** Opening Provided information block **
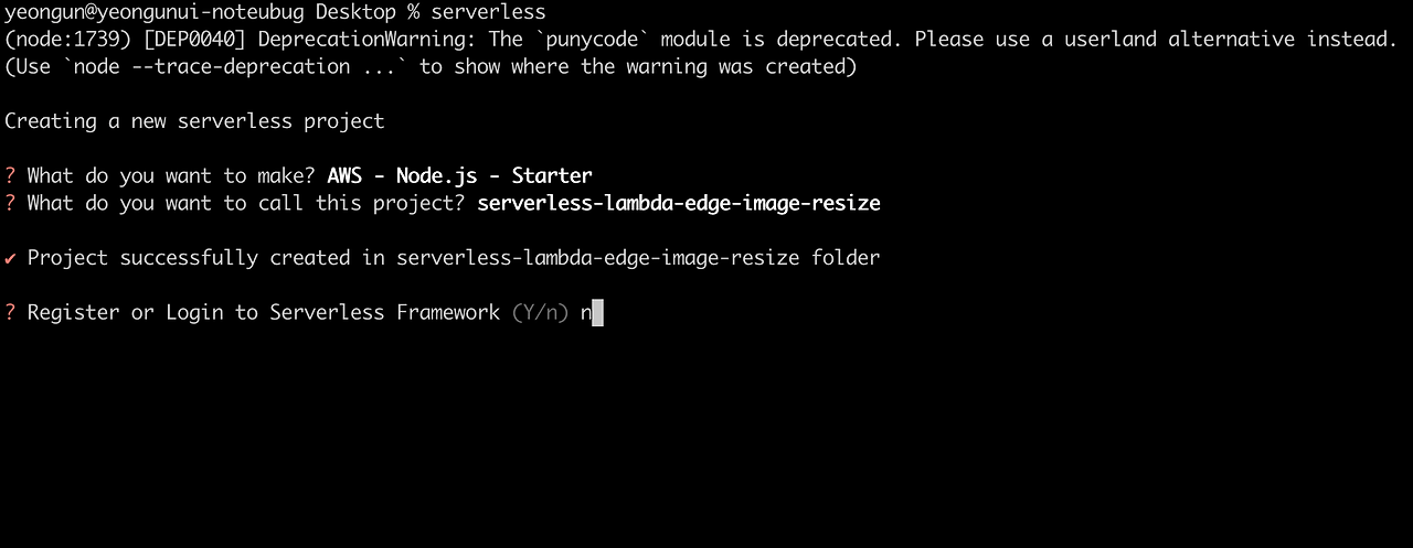 그 다음 serverless framework에 로그인할 것인지 묻는데, n을 입력합니다.
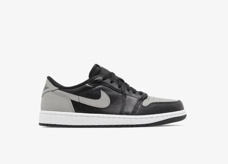 L'édition 2024 de l'Air Jordan 1 Retro Low OG 'Shadow' reprend un coloris original de la première chaussure signature de Michael Jordan. Présentée sous la forme d'une low-top, la silhouette vantée arbore une tige en cuir, avec une base noire et des accents gris neutre sur la zone des orteils, le Swoosh, le talon et la languette arrière. Cette dernière est estampillée du logo emblématique Wings, tandis qu'une étiquette Nike Air tissée orne la languette en nylon noir. La sneaker repose sur une semelle intermédiaire en caoutchouc blanc, dotée d'une unité Air-sole encapsulée dans le talon et soutenue par une semelle extérieure en caoutchouc noir très adhérente. AIR JORDAN I LOW OG
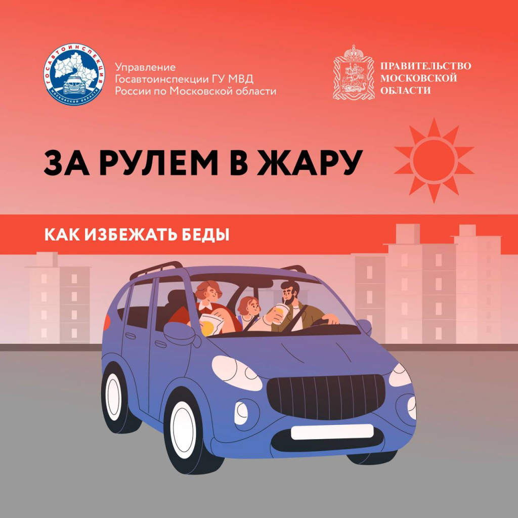 Госавтоинспекция Московской области подготовила серию карточек, в которых вы можете найти полезную информацию о том, как безопасно передвигаться на автомобиле в жаркую погоду.
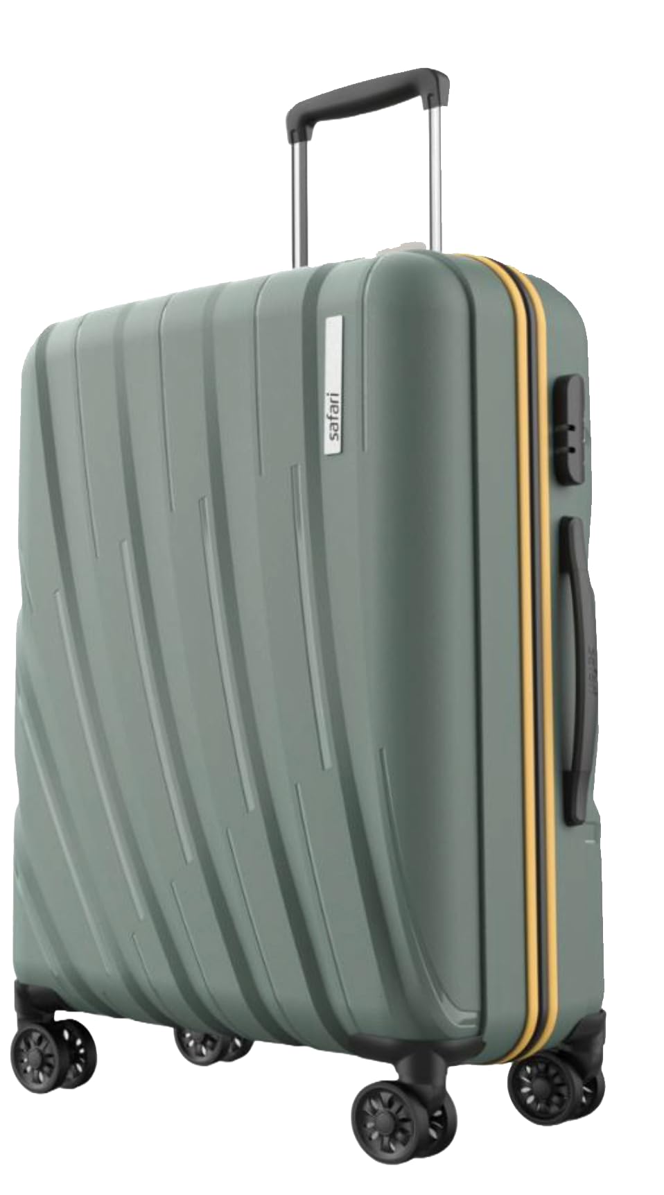 Safari Polyproplyene Hard Shell Cairo 8 Wheels, 5 Years Warranty (Cabin & Check-in) Trolley Spinner Luggage Set of 3, 55Cm, 66Cm & 75Cm, Small, Medium, Large (SAGE Green)
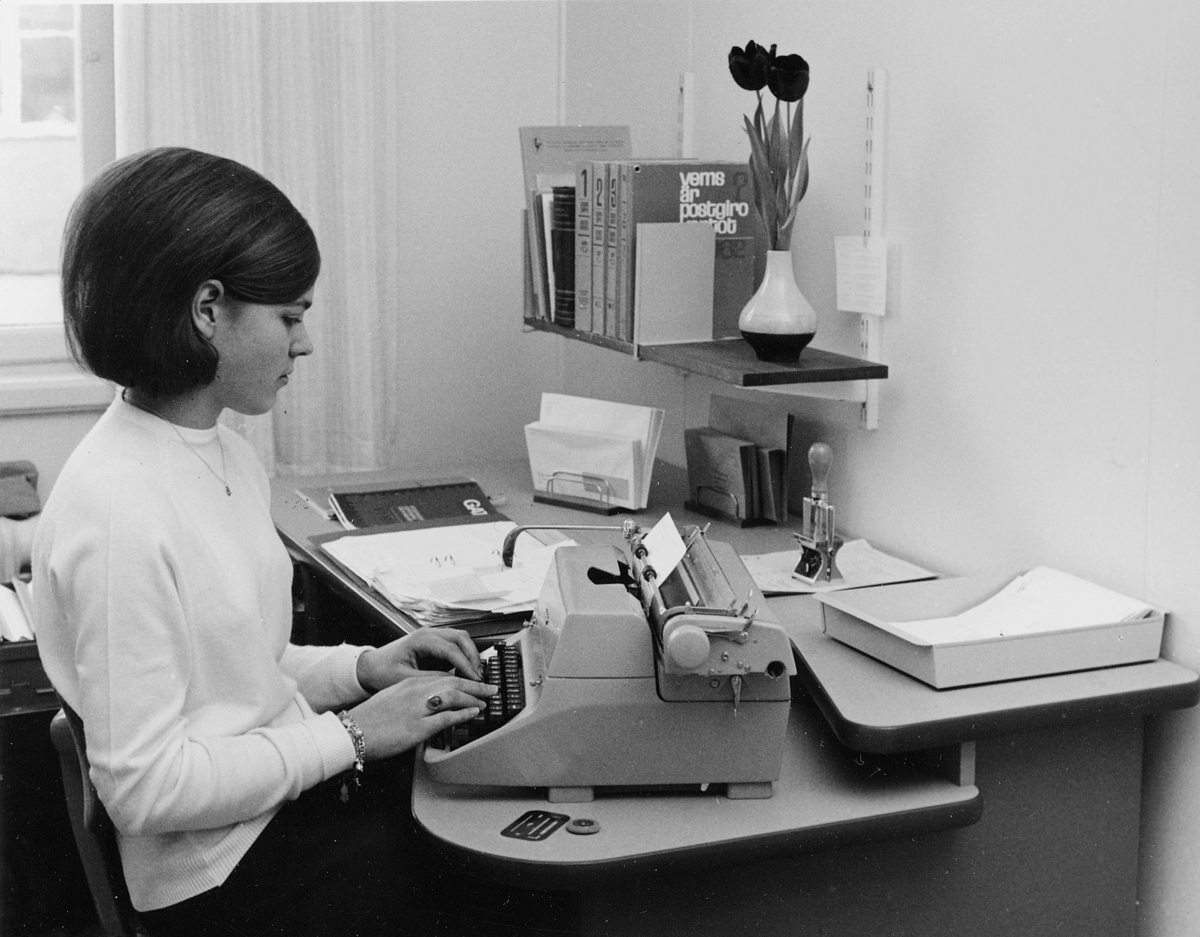 Korrespondensavdelningen. En av de 15 damer som skötte korrespondensen. Facit skrivmaskin och Nobö specialbord med vinkel, samt höj- och sänkbart, det första i sitt slag.
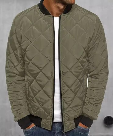 Men Autumn Winter Casual Solid Color Quilted Long Sleeve Coat
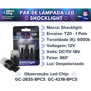 • Marca: Shocklight • Encaixe: T20 - 1 Polo • Tonalidade (K): 6000k • Voltagem: 12V • Volts: DC11V-18V • Feixe: 360° • Uso: Luzes de freio, luzes de ré, luzes de piscas, luzes de neblina. • Luz: Despolarizado • Input (A) 13.5V: 0.5A±0.06A
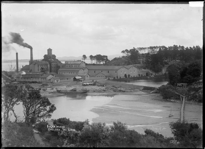 Keywords: blackandwhite monochrome outdoor photo border sky black and white The Colonial Sugar Company works at Chelsea, Birkenhead, Auckland, looking from across Duck Creek, photographed by William A Price between 1900 and 1930. Inscriptions: Inscribed - Photographer's title on negative -bottom left: Sugar Works. Chelsea. No 400D.. William Archer Price lived and practised in Queen Street, Northcote, 1909-1910. Source: New Zealand post office directories Quantity: 1 b&w original negative(s). Physical Description: Dry plate glass negative 4.5 x 6.5 inches Colonial Sugar Company works at Chelsea, Birkenhead, Auckland. Price, William Archer, 1866-1948 :Collection of post card negatives. Ref: 1/2-000291-G. Alexander Turnbull Library, Wellington, New Zealand. natlib.govt.nz/records/22323187 The Colonial Sugar Company works at Chelsea, Birkenhead, Auckland, looking from across Duck Creek, photographed by William A Price between 1900 and 1930. Inscriptions: Inscribed - Photographer's title on negative -bottom left: Sugar Works. Chelsea. No 400D.. William Archer Price lived and practised in Queen Street, Northcote, 1909-1910. Source: New Zealand post office directories Quantity: 1 b&w original negative(s). Physical Description: Dry plate glass negative 4.5 x 6.5 inches Colonial Sugar Company works at Chelsea, Birkenhead, Auckland. Price, William Archer, 1866-1948 :Collection of post card negatives. Ref: 1/2-000291-G. Alexander Turnbull Library, Wellington, New Zealand. natlib.govt.nz/records/22323187
** Closing Provided information block **
| Work task |
Without any pictures, transcribe the listing above exactly as written.

| Reply to the exercise |
 그 다음 serverless framework에 로그인할 것인지 묻는데, n을 입력합니다.
 L'édition 2024 de l'Air Jordan 1 Retro Low OG 'Shadow' reprend un coloris original de la première chaussure signature de Michael Jordan. Présentée sous la forme d'une low-top, la silhouette vantée arbore une tige en cuir, avec une base noire et des accents gris neutre sur la zone des orteils, le Swoosh, le talon et la languette arrière. Cette dernière est estampillée du logo emblématique Wings, tandis qu'une étiquette Nike Air tissée orne la languette en nylon noir. La sneaker repose sur une semelle intermédiaire en caoutchouc blanc, dotée d'une unité Air-sole encapsulée dans le talon et soutenue par une semelle extérieure en caoutchouc noir très adhérente. AIR JORDAN I LOW OG
 Госавтоинспекция Московской области подготовила серию карточек, в которых вы можете найти полезную информацию о том, как безопасно передвигаться на автомобиле в жаркую погоду.
 Safari Polyproplyene Hard Shell Cairo 8 Wheels, 5 Years Warranty (Cabin & Check-in) Trolley Spinner Luggage Set of 3, 55Cm, 66Cm & 75Cm, Small, Medium, Large (SAGE Green)
 Korrespondensavdelningen. En av de 15 damer som skötte korrespondensen. Facit skrivmaskin och Nobö specialbord med vinkel, samt höj- och sänkbart, det första i sitt slag.
 Men Autumn Winter Casual Solid Color Quilted Long Sleeve Coat
 • Marca: Shocklight • Encaixe: T20 - 1 Polo • Tonalidade (K): 6000k • Voltagem: 12V • Volts: DC11V-18V • Feixe: 360° • Uso: Luzes de freio, luzes de ré, luzes de piscas, luzes de neblina. • Luz: Despolarizado • Input (A) 13.5V: 0.5A±0.06A
 Keywords: blackandwhite monochrome outdoor photo border sky black and white The Colonial Sugar Company works at Chelsea, Birkenhead, Auckland, looking from across Duck Creek, photographed by William A Price between 1900 and 1930. Inscriptions: Inscribed - Photographer's title on negative -bottom left: Sugar Works. Chelsea. No 400D.. William Archer Price lived and practised in Queen Street, Northcote, 1909-1910. Source: New Zealand post office directories Quantity: 1 b&w original negative(s). Physical Description: Dry plate glass negative 4.5 x 6.5 inches Colonial Sugar Company works at Chelsea, Birkenhead, Auckland. Price, William Archer, 1866-1948 :Collection of post card negatives. Ref: 1/2-000291-G. Alexander Turnbull Library, Wellington, New Zealand. natlib.govt.nz/records/22323187 The Colonial Sugar Company works at Chelsea, Birkenhead, Auckland, looking from across Duck Creek, photographed by William A Price between 1900 and 1930. Inscriptions: Inscribed - Photographer's title on negative -bottom left: Sugar Works. Chelsea. No 400D.. William Archer Price lived and practised in Queen Street, Northcote, 1909-1910. Source: New Zealand post office directories Quantity: 1 b&w original negative(s). Physical Description: Dry plate glass negative 4.5 x 6.5 inches Colonial Sugar Company works at Chelsea, Birkenhead, Auckland. Price, William Archer, 1866-1948 :Collection of post card negatives. Ref: 1/2-000291-G. Alexander Turnbull Library, Wellington, New Zealand. natlib.govt.nz/records/22323187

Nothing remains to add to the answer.